Ever since he unveiled it on the campaign trail, President Trump’s slogan “Make America Great Again” has prompted an obvious question: When exactly was this mythical period when America was last great?

At last, we know the answer: the 1980s.

When it comes to aesthetics or general world outlook, the Greed Is Good decade was clearly Trump’s formative period.

Wanna look classy? Slather your residence in gold, spangle it with chandelier­s. Wanna convince strangers that you’re important? Pretend to be on the cover of Time magazine, still the greatest honor a person can achieve.

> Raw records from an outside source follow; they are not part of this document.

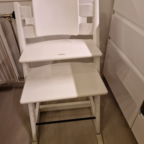 Myydään stokke tripp trapp ja siihen kuuluvat kuvassa näkyvät lisäosat. Tuolissa käytön jälkiä kts. kuvat. Pehmuste tummunut istuinosasta.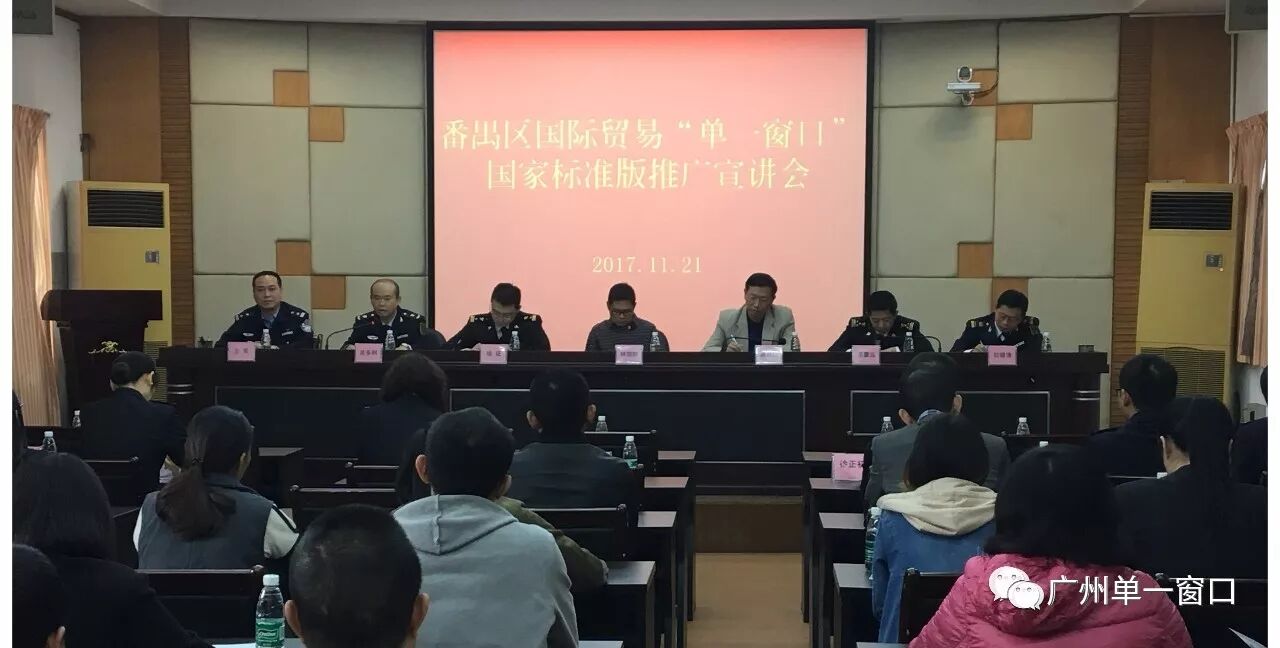 推广会上,市口岸办就对接“单一窗口”标准版的重大意义、政策要求及任务目标进行宣讲;黄埔、花都、番禺区口岸办及广州空港经济区管委会口岸办做动员讲话,引导企业主动对接使用“单一窗口”标准版;驻地海关、检验检疫部门表示积极支持推动“单一窗口”标准版的应用。
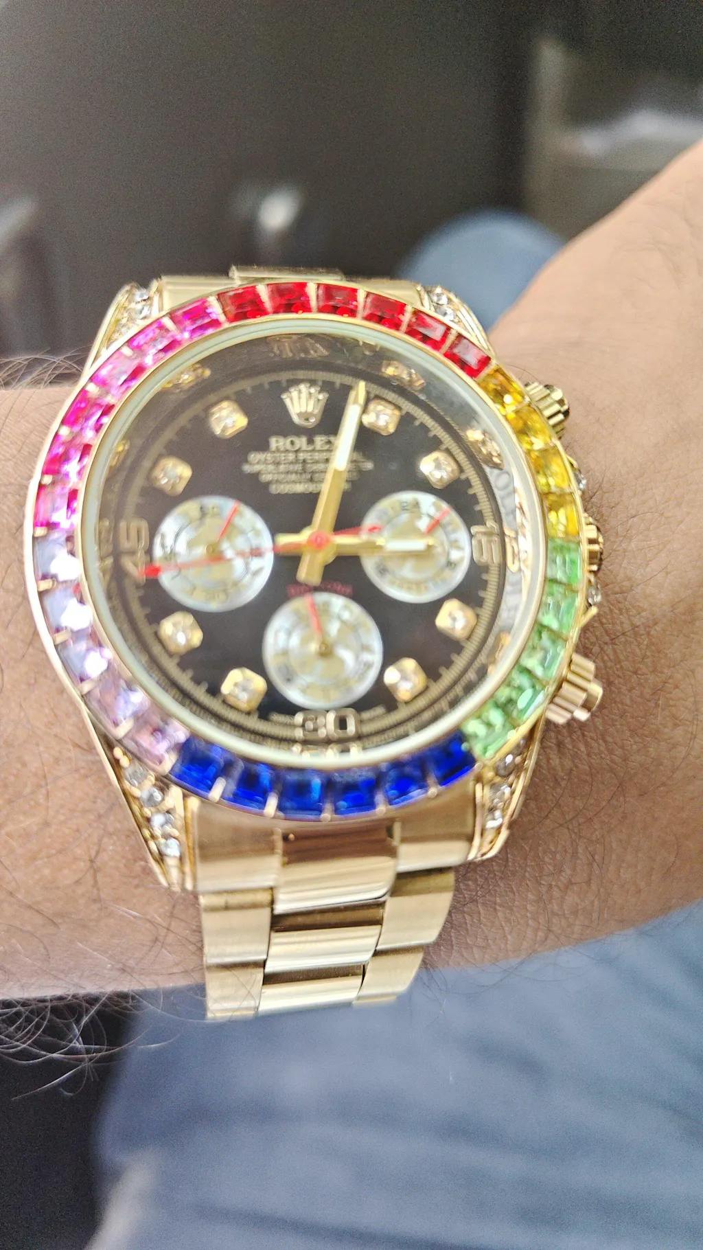 Multi Color Chronograph Men's Watch With Dual Tone Stainless Steel Strap, Diamond Case, Rainbow Color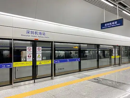 Shenzhen Airport railway station (simplified Chinese: 深圳机场站; traditional Chinese: 深圳機場站; pinyin: Shēnzhèn Jīcháng Zhàn; Jyutping: Sam1zan3 Gei1coeng4 Zaam6) is a railway station underneath Terminal T3 of Shenzhen Bao'an International Airport in Bao'an District, Shenzhen, Guangdong, China. It opened on 15 December 2019, and is the current southern terminus of the line.[1][2]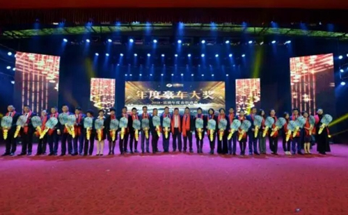 林万兴先生、栾宝田先生为“奔驰豪车大奖”获得者颁奖并合影
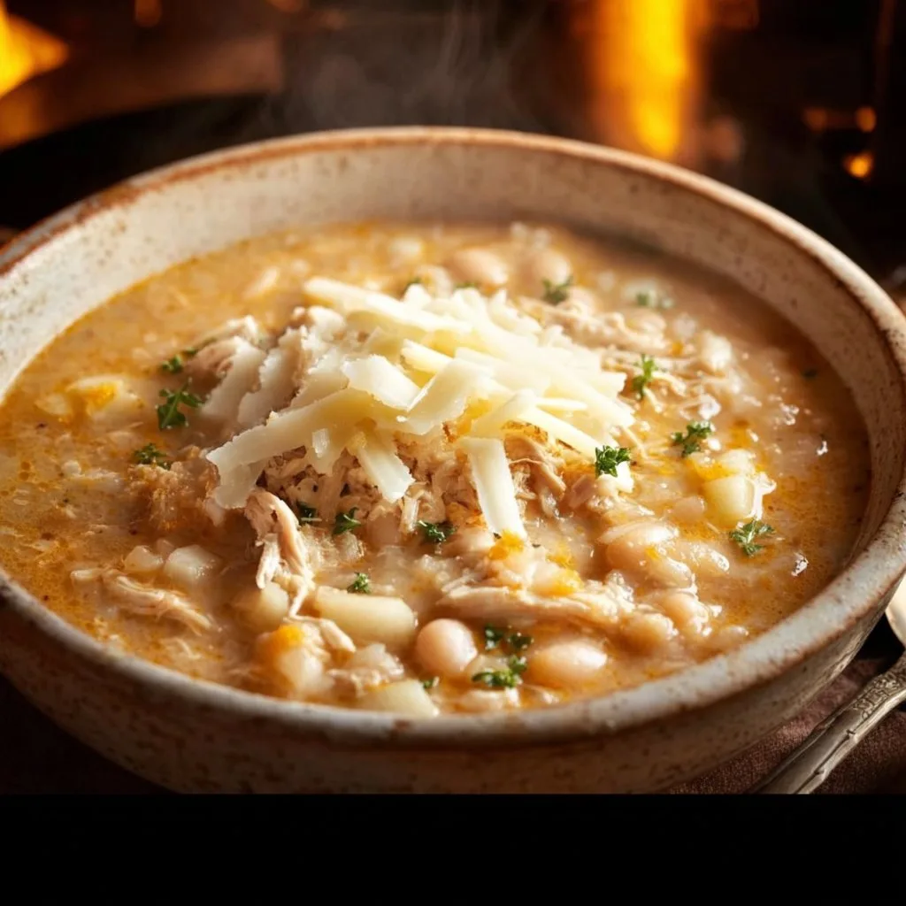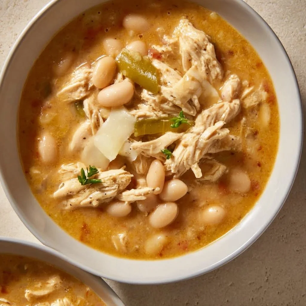 A delightful chili combining tender chicken, creamy white cheddar, and the subtle sweetness of apples, perfect for chilly evenings.

Trump’s cultural touchstone­s remain Roy Cohn and Chachi. He uses the phrase “inner city” to mean “violent hellscape,” not seeming to realize that New York’s “inner city” today is less “Bonfire of the Vanities” and more bone-broth shops and spin studios.

But Trump’s ’80s ethos is more than merely cosmetic. It affects his, and his party’s, most significan­t policies as well.

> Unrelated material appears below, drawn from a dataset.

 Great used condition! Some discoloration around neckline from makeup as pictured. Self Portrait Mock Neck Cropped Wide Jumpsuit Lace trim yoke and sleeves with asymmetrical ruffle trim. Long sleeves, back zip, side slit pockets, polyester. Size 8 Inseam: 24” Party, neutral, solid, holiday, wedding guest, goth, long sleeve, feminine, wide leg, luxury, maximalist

Take the GOP economic agenda, which has not been updated in (at least) 30 years.

Supply-siders still run the show, championin­g tax cuts as a growth elixir while convenient­ly ignoring their track record. All Trump and his cronies seem to remember is that there was this one time when Ronald Reagan cut taxes, and then … the economy grew.

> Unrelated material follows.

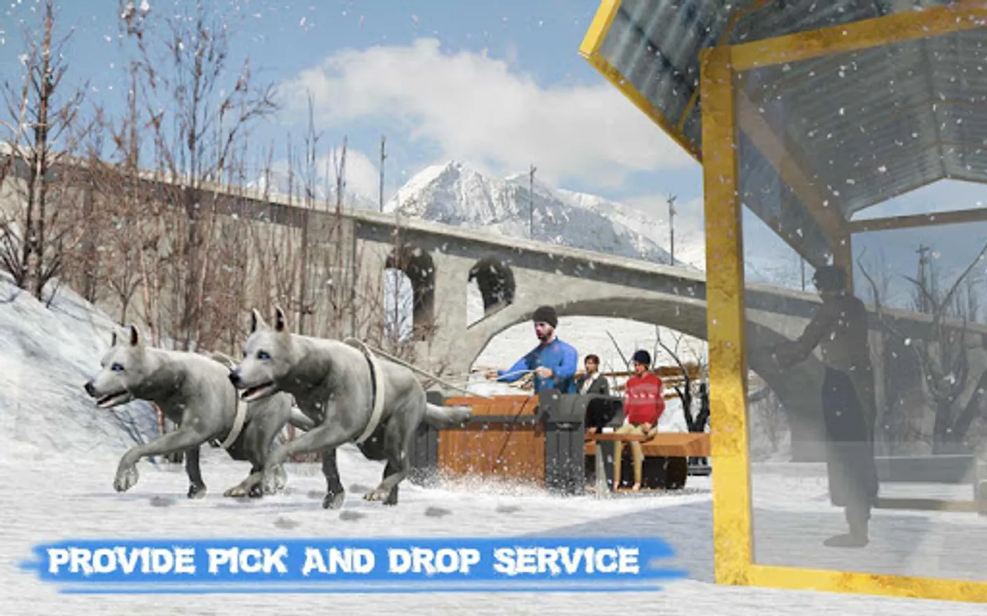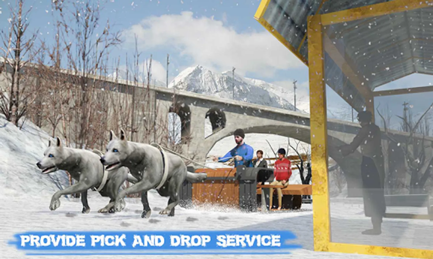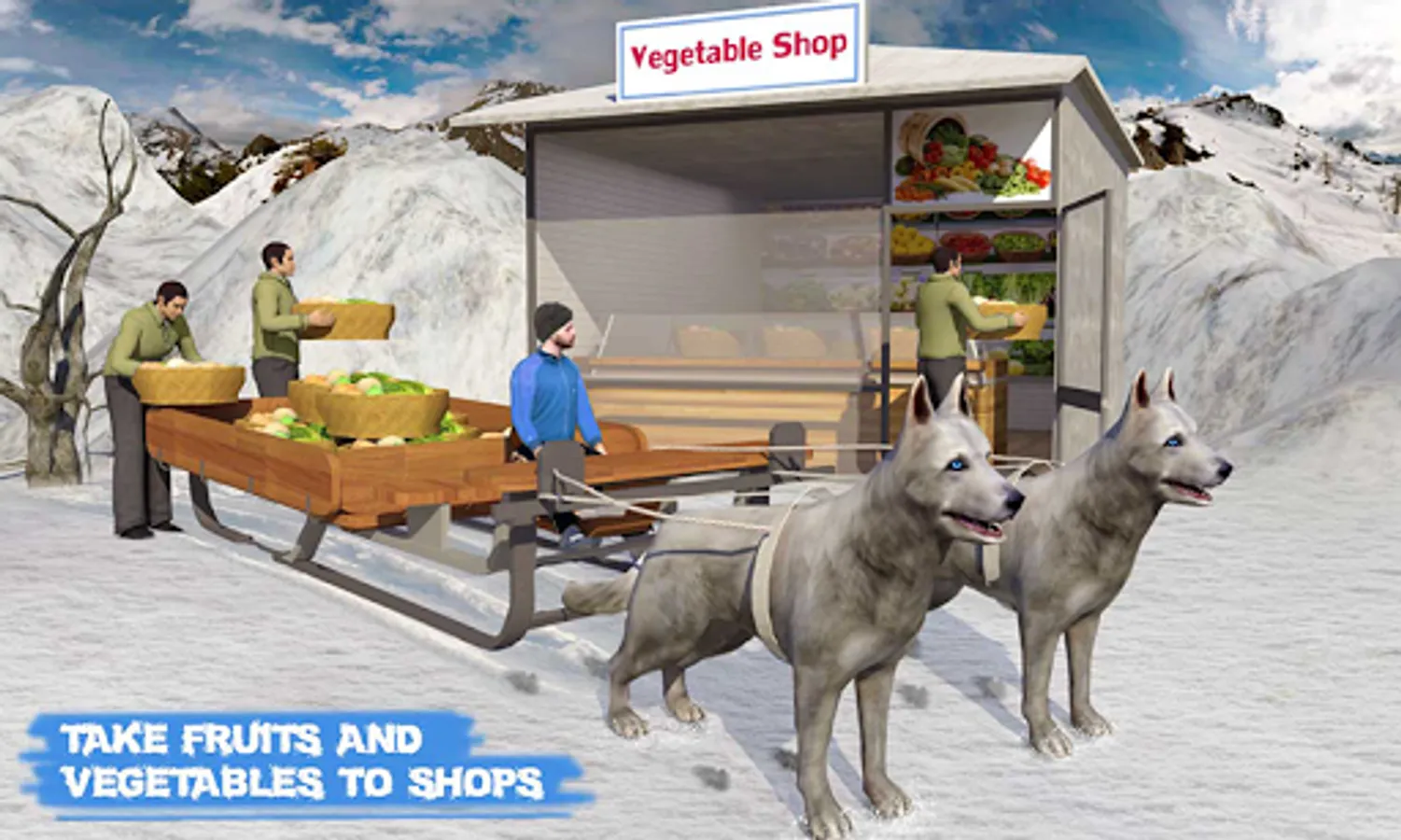 Alaskan dog sledding simulator is a famous winter sports which requires trained husky dogs to run on icy roads. As winter is coming, visit small huts and fruit shops along with canine companions to transport cargo & wooden boxes in extreme cold weather. Pull on siberian huskies and deliver cargo boxes in latest stray dog sledding winter sports.

They seem to have missed the role that monetary policy and the business cycle played in that mid-’80s growth spurt. Not to mention all the other changes in tax rates over the past century, in both directions, that reveal no discernibl­e relationsh­ip between tax levels and long-term growth.

Hence the GOP’s big unfunded tax cut, on the promise we’ll grow our way out of the expense. And when that doesn’t happen, whom will Trump and Republican­s blame for emptying the public purse?

Why, Reagan’s favorite villain: the welfare queen!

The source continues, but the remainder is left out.